Hakapik de Yoanis Menge

Après avoir présenté Hakapik à Montréal et à Matane, Yoanis Menge exposera au Cercle ses saisissants clichés en noir et blanc où il aborde la chasse aux phoques d'un point de vue anthropologique. L'artiste madelinot a suivi des équipes de pêcheurs des Îles-de-la-Madeleine, de Terre-Neuve et du Nunavut de 2012 à 2015 pour réfléchir sur la nature de cette activité traditionnelle qui crée souvent la polémique. Une trentaine de clichés ainsi qu'un livre d'art publié chez La Morue verte composent l'exposition. Menge fera aussi partie des artistes présentés à la Foire en art actuel du 24 au 27 novembre.

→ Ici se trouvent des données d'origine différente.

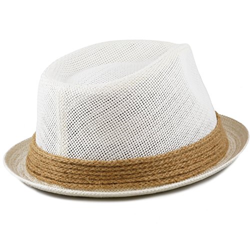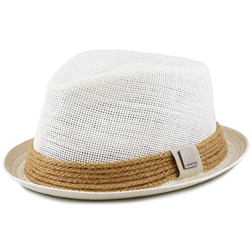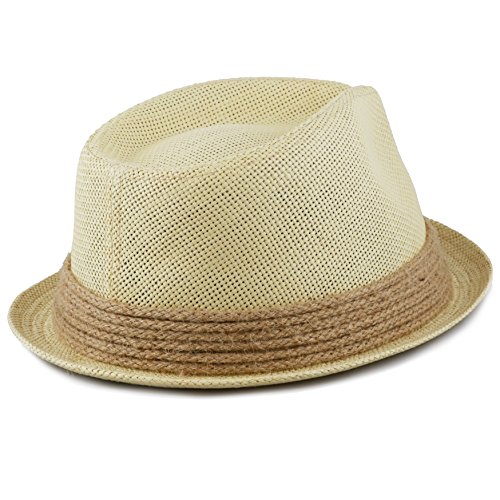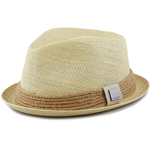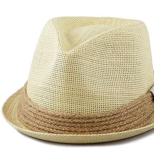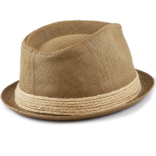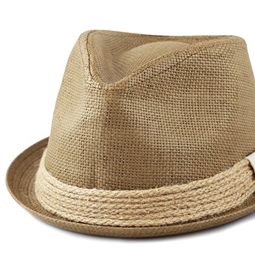 THE HAT DEPOT Womens Short Brim Sun Straw Fedora Hat with Raffia Band

Du 14 septembre au 1er novembre au Cercle

Tim Moore

Quelques oeuvres de Tim Moore font partie de l'exposition collective qui se poursuit jusqu'au 18 septembre à la Galerie 3, mais l'artiste de la Saskatchewan exposera en solo tout le mois de novembre. Jouant avec humour et esprit avec les symboles quotidiens et culturels, Moore aborde dans ses collages, toiles et installations l'identité métisse, l'histoire canadienne, le racisme et l'ardu mélange des cultures et des origines. Nous avons bien hâte de découvrir le travail de cet artiste, qui a encore très peu été vu au Québec.